## THE TASK:
The reply should contain every line of the data, repeated exactly, and no pictures.

- - -

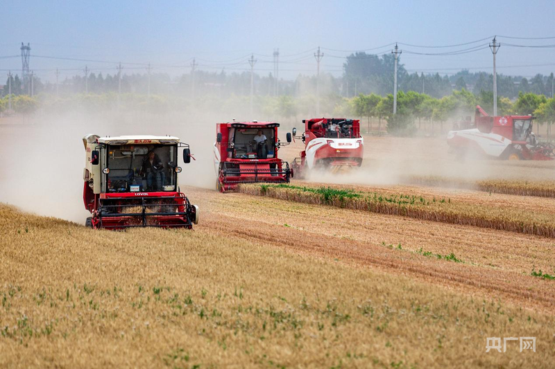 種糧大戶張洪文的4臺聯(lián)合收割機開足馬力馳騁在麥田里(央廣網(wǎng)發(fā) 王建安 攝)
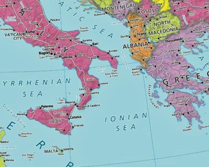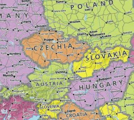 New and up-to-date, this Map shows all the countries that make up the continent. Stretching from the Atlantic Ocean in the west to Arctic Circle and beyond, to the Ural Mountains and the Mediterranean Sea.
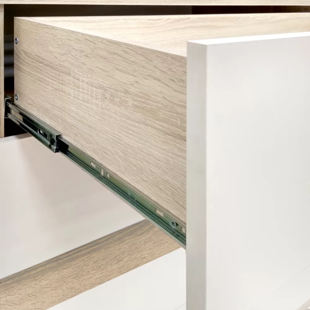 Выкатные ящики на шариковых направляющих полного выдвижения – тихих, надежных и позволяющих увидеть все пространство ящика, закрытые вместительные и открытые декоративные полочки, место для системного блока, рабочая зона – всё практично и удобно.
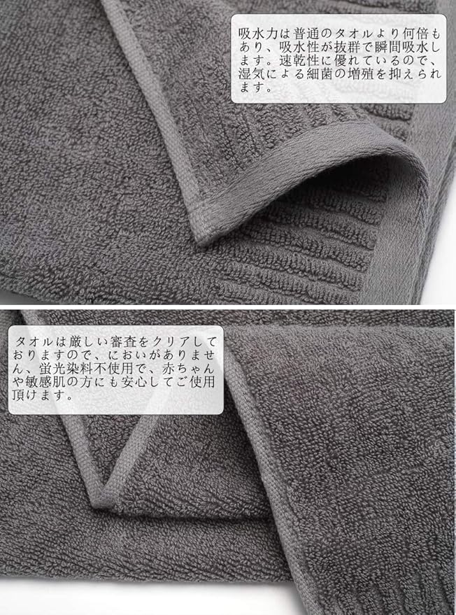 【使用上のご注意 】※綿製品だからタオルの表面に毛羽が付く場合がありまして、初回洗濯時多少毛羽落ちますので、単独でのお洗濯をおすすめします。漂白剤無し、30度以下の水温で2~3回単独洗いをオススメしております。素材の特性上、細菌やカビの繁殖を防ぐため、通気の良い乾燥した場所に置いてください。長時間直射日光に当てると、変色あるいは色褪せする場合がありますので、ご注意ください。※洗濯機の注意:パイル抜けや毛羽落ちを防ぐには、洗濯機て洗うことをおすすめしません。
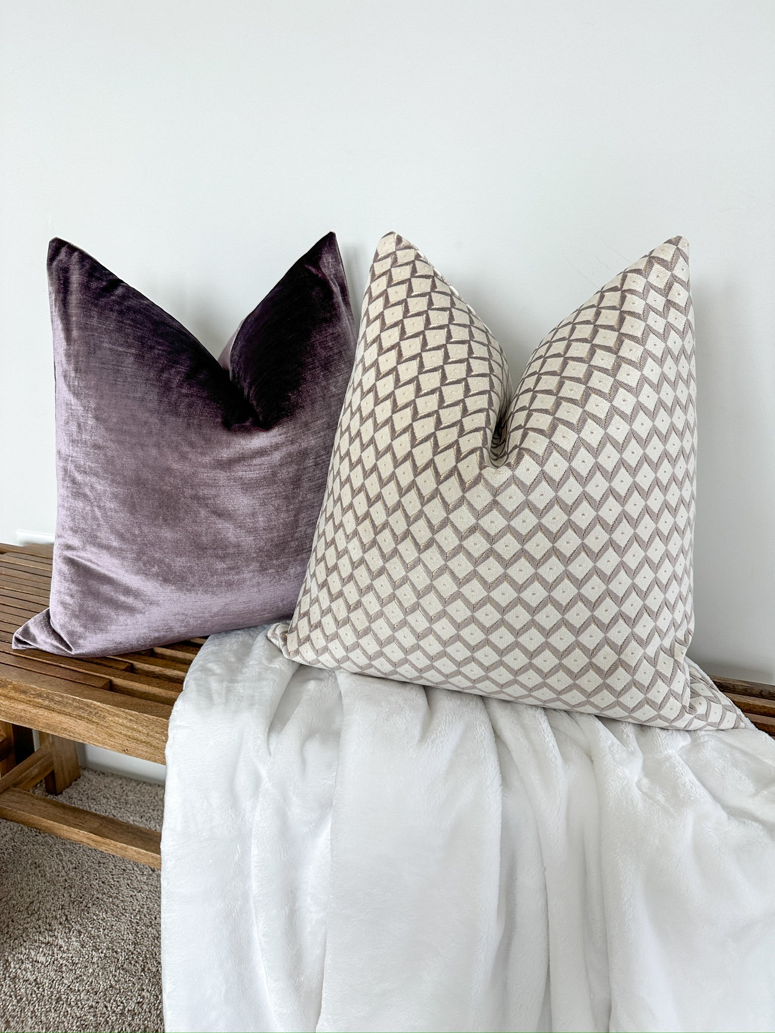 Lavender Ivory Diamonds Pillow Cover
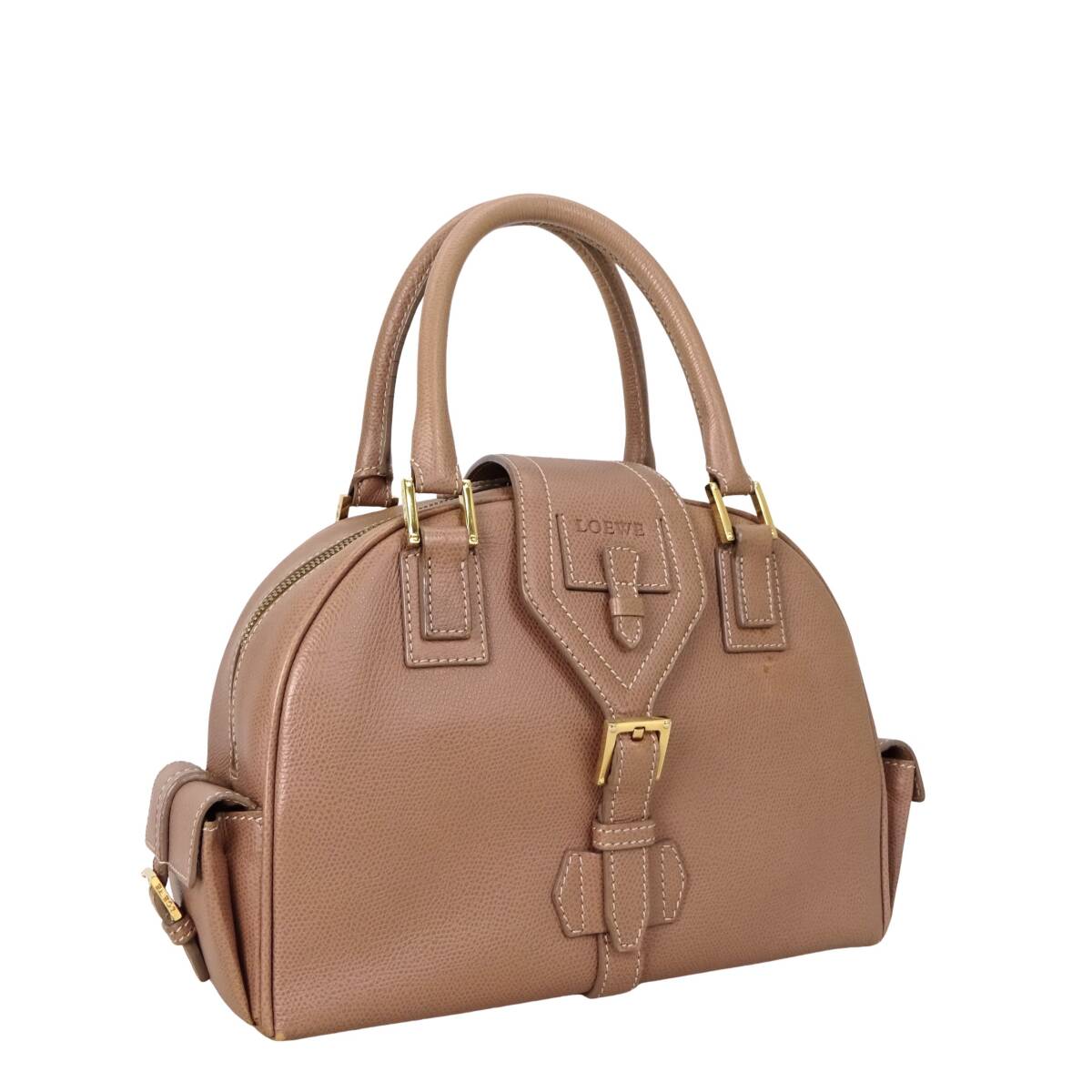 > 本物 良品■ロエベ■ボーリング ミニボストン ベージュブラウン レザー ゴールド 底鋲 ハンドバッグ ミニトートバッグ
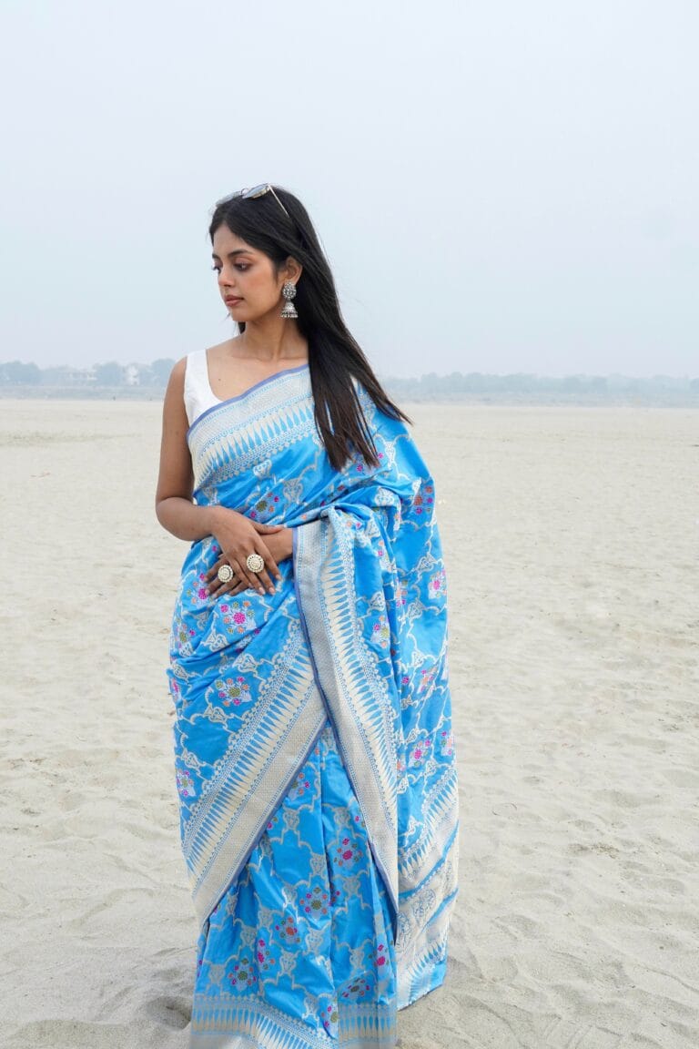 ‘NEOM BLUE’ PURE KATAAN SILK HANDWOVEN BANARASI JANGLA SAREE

- - -

## SOLUTION TO THIS EXERCISE:
 種糧大戶張洪文的4臺聯(lián)合收割機開足馬力馳騁在麥田里(央廣網(wǎng)發(fā) 王建安 攝)
 New and up-to-date, this Map shows all the countries that make up the continent. Stretching from the Atlantic Ocean in the west to Arctic Circle and beyond, to the Ural Mountains and the Mediterranean Sea.
 Выкатные ящики на шариковых направляющих полного выдвижения – тихих, надежных и позволяющих увидеть все пространство ящика, закрытые вместительные и открытые декоративные полочки, место для системного блока, рабочая зона – всё практично и удобно.
 【使用上のご注意 】※綿製品だからタオルの表面に毛羽が付く場合がありまして、初回洗濯時多少毛羽落ちますので、単独でのお洗濯をおすすめします。漂白剤無し、30度以下の水温で2~3回単独洗いをオススメしております。素材の特性上、細菌やカビの繁殖を防ぐため、通気の良い乾燥した場所に置いてください。長時間直射日光に当てると、変色あるいは色褪せする場合がありますので、ご注意ください。※洗濯機の注意:パイル抜けや毛羽落ちを防ぐには、洗濯機て洗うことをおすすめしません。
 Lavender Ivory Diamonds Pillow Cover
 > 本物 良品■ロエベ■ボーリング ミニボストン ベージュブラウン レザー ゴールド 底鋲 ハンドバッグ ミニトートバッグ
 ‘NEOM BLUE’ PURE KATAAN SILK HANDWOVEN BANARASI JANGLA SAREE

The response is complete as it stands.